***** Dataset content *****

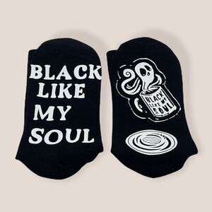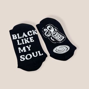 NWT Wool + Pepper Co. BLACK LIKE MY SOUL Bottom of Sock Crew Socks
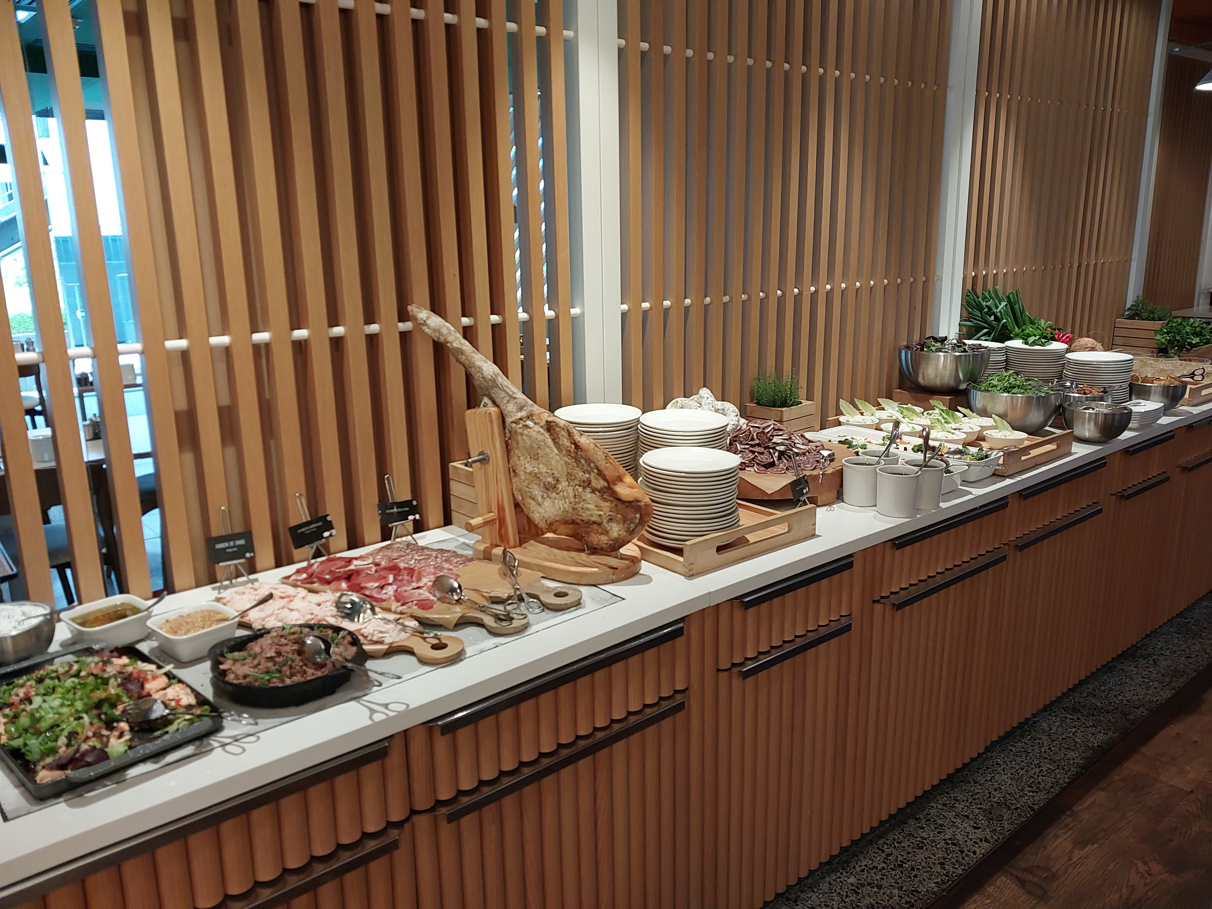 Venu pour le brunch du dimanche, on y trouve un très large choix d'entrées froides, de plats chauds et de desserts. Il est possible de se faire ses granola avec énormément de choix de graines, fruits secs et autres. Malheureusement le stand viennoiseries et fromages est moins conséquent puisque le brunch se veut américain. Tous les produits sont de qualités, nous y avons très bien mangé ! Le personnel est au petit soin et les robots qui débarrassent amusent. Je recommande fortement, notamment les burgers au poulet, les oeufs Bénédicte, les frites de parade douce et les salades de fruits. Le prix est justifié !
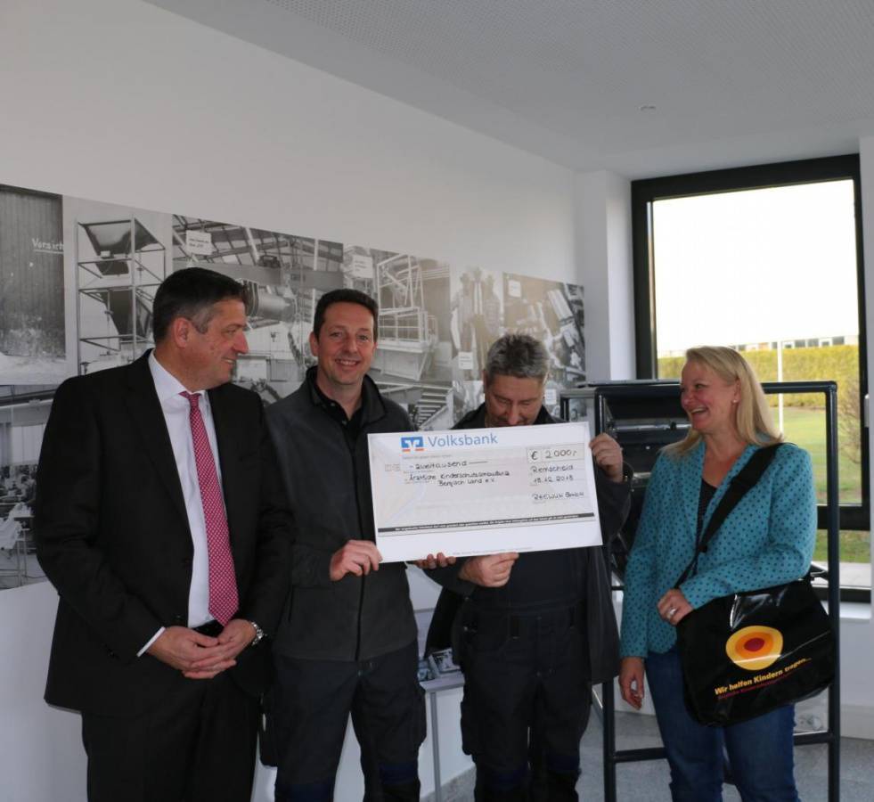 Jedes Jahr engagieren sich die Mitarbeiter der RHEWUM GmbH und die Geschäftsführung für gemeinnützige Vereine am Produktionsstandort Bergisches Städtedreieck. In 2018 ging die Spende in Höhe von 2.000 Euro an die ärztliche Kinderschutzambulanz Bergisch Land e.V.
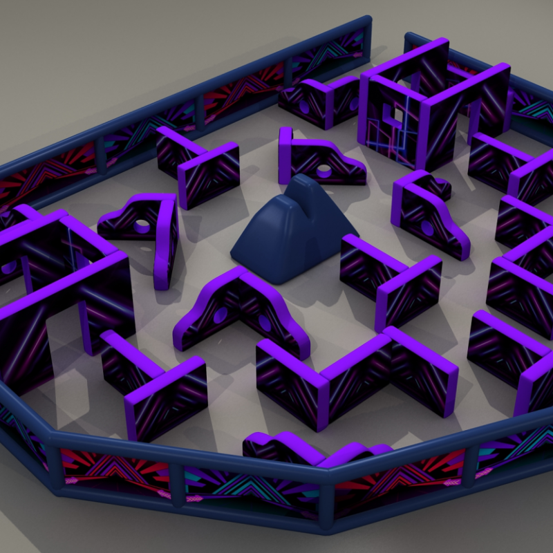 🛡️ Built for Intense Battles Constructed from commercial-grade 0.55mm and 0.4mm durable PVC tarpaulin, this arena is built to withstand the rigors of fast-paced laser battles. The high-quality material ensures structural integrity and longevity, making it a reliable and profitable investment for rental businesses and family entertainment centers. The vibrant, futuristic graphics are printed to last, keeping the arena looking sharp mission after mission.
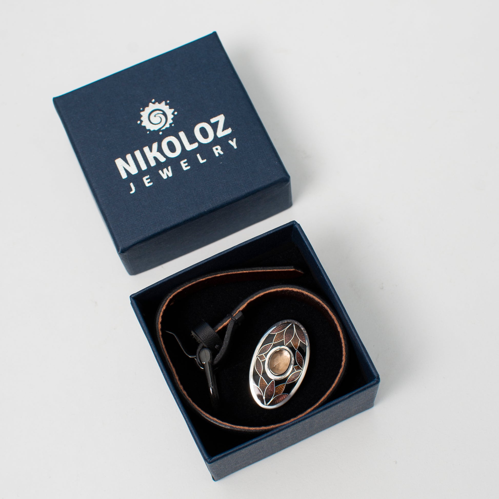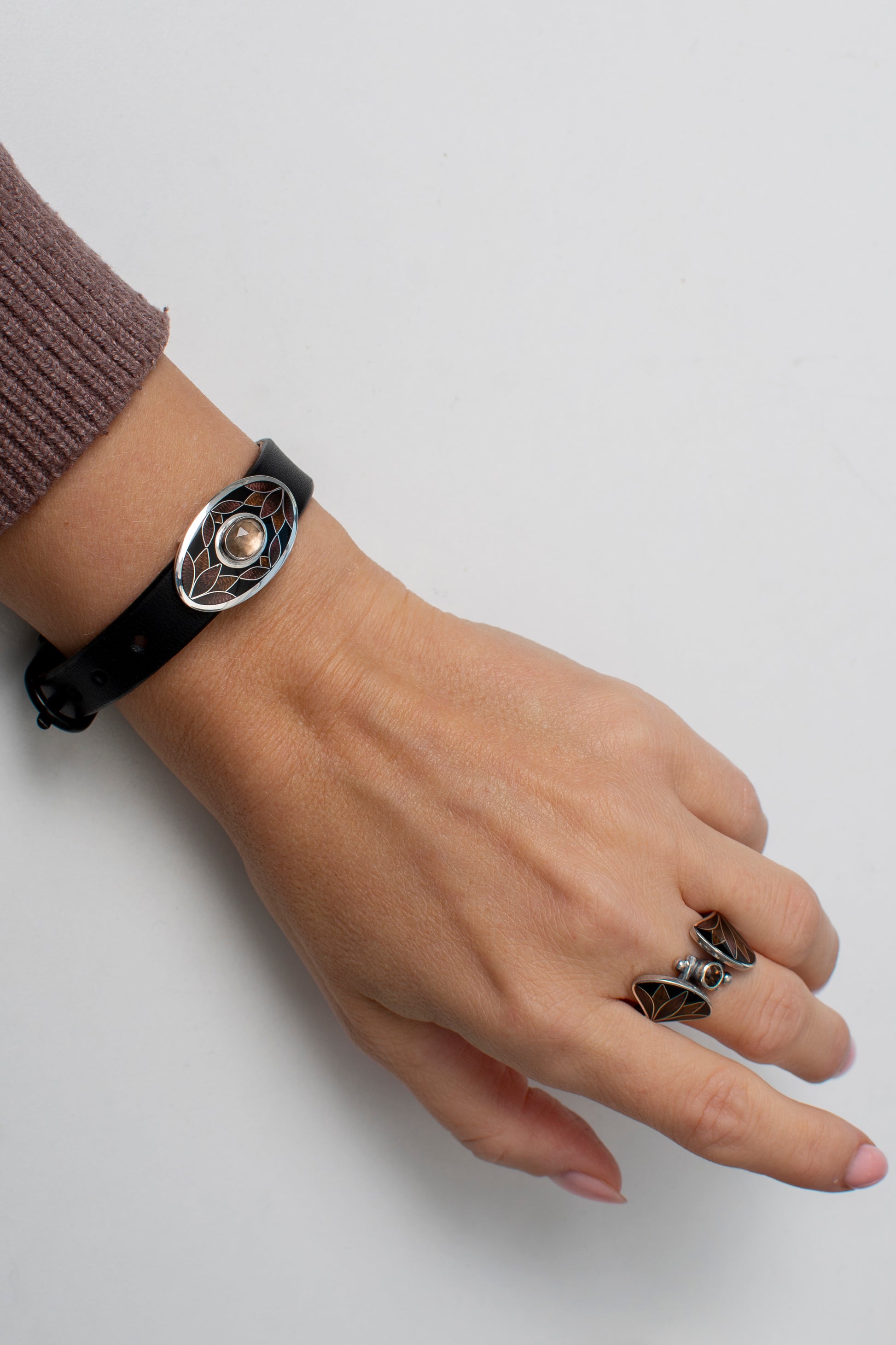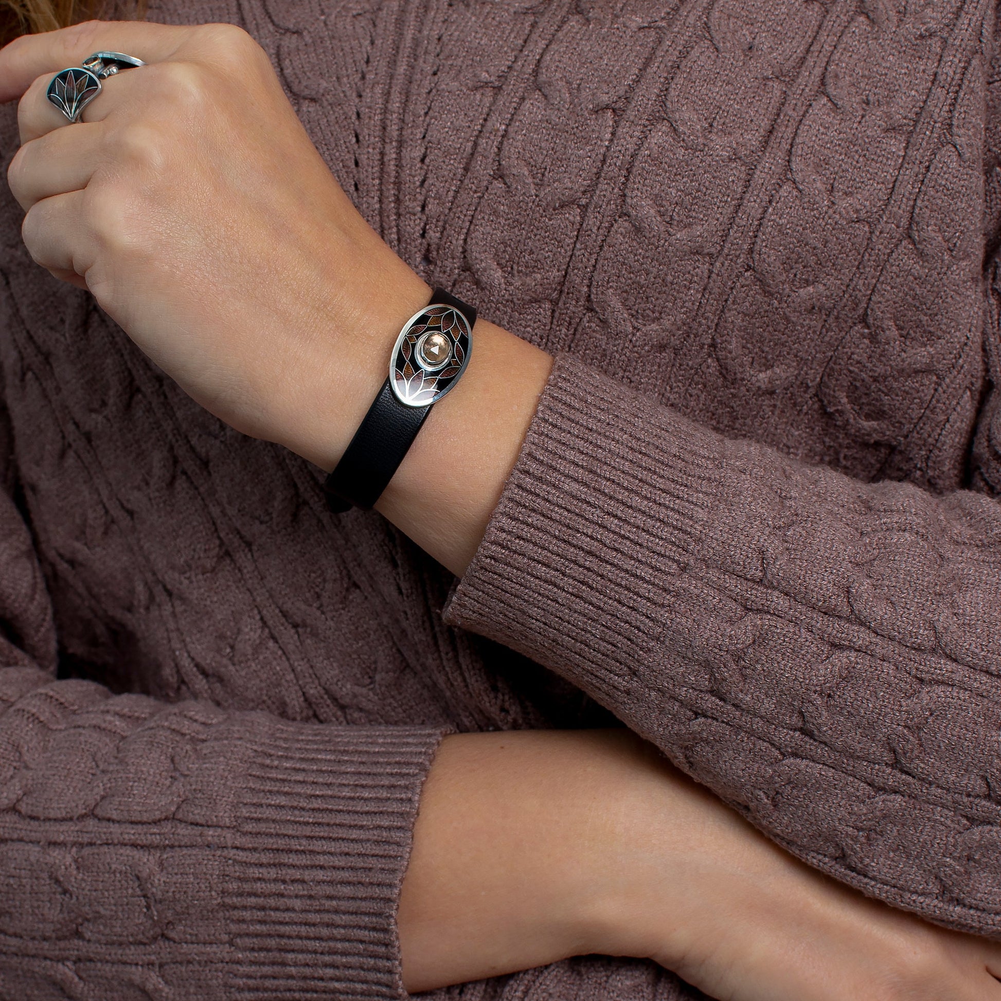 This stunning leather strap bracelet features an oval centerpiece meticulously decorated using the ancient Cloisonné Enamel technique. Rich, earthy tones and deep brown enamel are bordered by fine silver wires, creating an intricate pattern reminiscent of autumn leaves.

*****

What to do -> All of the data above must be printed exactly, minus its pictures.

Answer below ->
 NWT Wool + Pepper Co. BLACK LIKE MY SOUL Bottom of Sock Crew Socks
 Venu pour le brunch du dimanche, on y trouve un très large choix d'entrées froides, de plats chauds et de desserts. Il est possible de se faire ses granola avec énormément de choix de graines, fruits secs et autres. Malheureusement le stand viennoiseries et fromages est moins conséquent puisque le brunch se veut américain. Tous les produits sont de qualités, nous y avons très bien mangé ! Le personnel est au petit soin et les robots qui débarrassent amusent. Je recommande fortement, notamment les burgers au poulet, les oeufs Bénédicte, les frites de parade douce et les salades de fruits. Le prix est justifié !
 Jedes Jahr engagieren sich die Mitarbeiter der RHEWUM GmbH und die Geschäftsführung für gemeinnützige Vereine am Produktionsstandort Bergisches Städtedreieck. In 2018 ging die Spende in Höhe von 2.000 Euro an die ärztliche Kinderschutzambulanz Bergisch Land e.V.
 🛡️ Built for Intense Battles Constructed from commercial-grade 0.55mm and 0.4mm durable PVC tarpaulin, this arena is built to withstand the rigors of fast-paced laser battles. The high-quality material ensures structural integrity and longevity, making it a reliable and profitable investment for rental businesses and family entertainment centers. The vibrant, futuristic graphics are printed to last, keeping the arena looking sharp mission after mission.
 This stunning leather strap bracelet features an oval centerpiece meticulously decorated using the ancient Cloisonné Enamel technique. Rich, earthy tones and deep brown enamel are bordered by fine silver wires, creating an intricate pattern reminiscent of autumn leaves.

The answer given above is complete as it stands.